Eleanor Stables has an excellent report in Congressional Quarterly on the growing interest and support among local law enforcement for enforcing immigration violations. She does a good job of presenting both sides of the debate. Not all local police want the burden — or potential political backlash — of dealing with the massive challenge of illegal immigration. My own experience in this debate is that those who are opposed often misrepresent the program (or simply don’t understand it) as requiring local police to initiate immigration sweeps. One current Governor even suggested that state troopers would end up personally driving illegal aliens to the border. This isn’t true at all.
As Stables reports:
The officers make only probable cause stops, such as for speeding or driving while intoxicated. Before they had 287(g) authority, if an officer stopped a driver and found a car of suspected illegal immigrants he would sometimes have to wait hours for ICE to arrive and take over, Watkins said in an interview. That would prevent the officer from doing other work, and sometimes the officer would be called away and the illegal immigrants would be free to go, he said. Now the officers can put illegal immigrants in custody and begin the deportation process.

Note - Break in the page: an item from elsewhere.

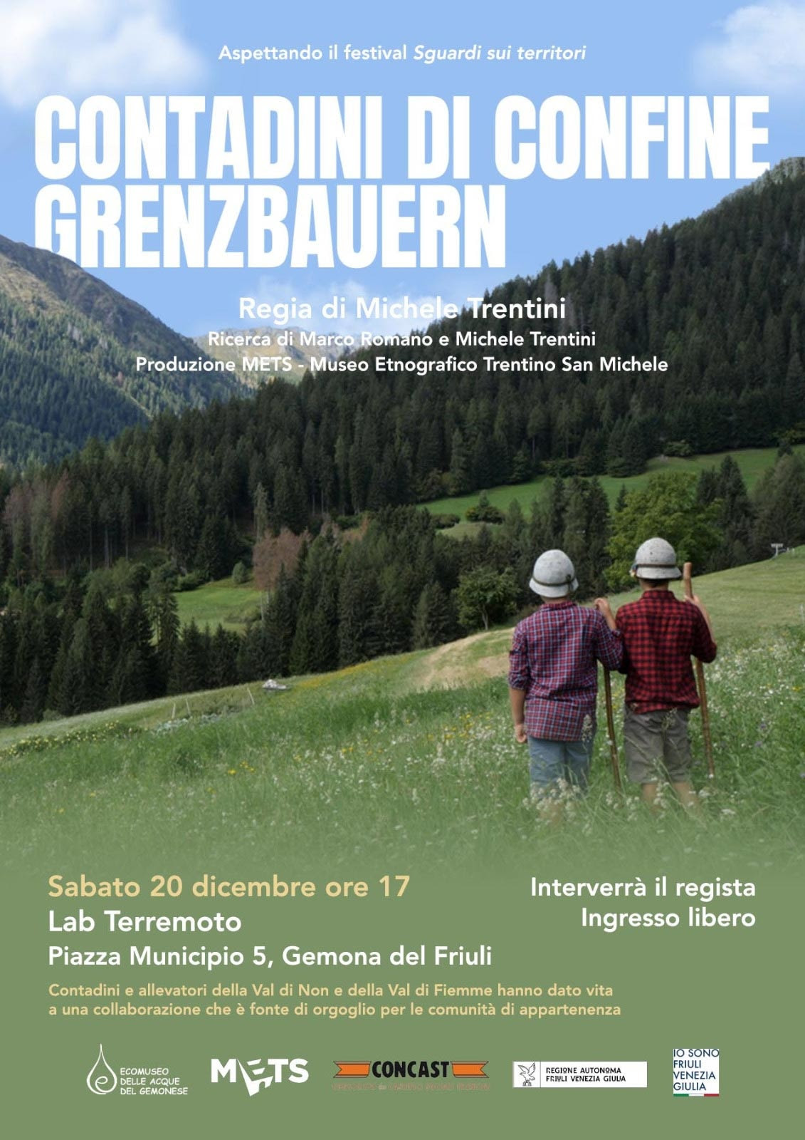 Nel percorso di avvicinamento al festival Sguardi sui territori dedicato al rapporto tra gli ecomusei e l’antropologia visuale, sabato 20 dicembre alle 17 è in calendario al LAB Terremoto in piazza Municipio 5 a Gemona la proiezione del documentario Contadini di confine/Grenzbauern del regista Michele Trentini, prodotto dal METS – Museo Etnografico Trentino San Michele. Il film è ambientato nella Val di Non e in Val di Fiemme, dove il paesaggio rurale si distingue nettamente sia dalla monocoltura intensiva sia dall’abbandono che caratterizzano altre aree montane. A modellarlo è il lavoro quotidiano di contadini e allevatori, che curano i prati, falciano, allevano il bestiame e mantengono in vita un sistema agricolo e zootecnico fondato sulla continuità delle pratiche e sulla responsabilità verso il territorio. In questa occasione si collegherà da remoto l’antropologa Roberta Tucci, responsabile scientifica del festival, che anticiperà temi e contenuti dell’edizione 2026 di Sguardi sui territori.

In other uses of the program, before releasing inmates at the end of their sentence, 287(g)-authorized officers confirm inmates are illegal immigrants, issue them a court date, and ensure they are not released when their regular prison term ends.
The Hispanic elephant in the living room that nobody wants to talk about is this: Those who call for greater enforcement of immigration laws rarely acknowledge that the entire agent force of U.S. Immigration and Customs Enforcement is about 6,000. And those agents are spread among a variety of critical homeland security missions that range from combating money laundering and financial crime to weapons smuggling to immigration enforcement.
Even if all 6,000 agents were dedicated to immigration enforcement, which they’re not, you still face the daunting challenge of this small force being responsible for tracking down more than 11 million illegal aliens. The laws of physics suggest this ain’t gonna happen.
The answer is a massive infusion of resources into ICE and CBP in the Department of Homeland Security … or more partnerships with state and local law enforcement. The laws of politics and economics suggest that the latter is a more realistic alternative.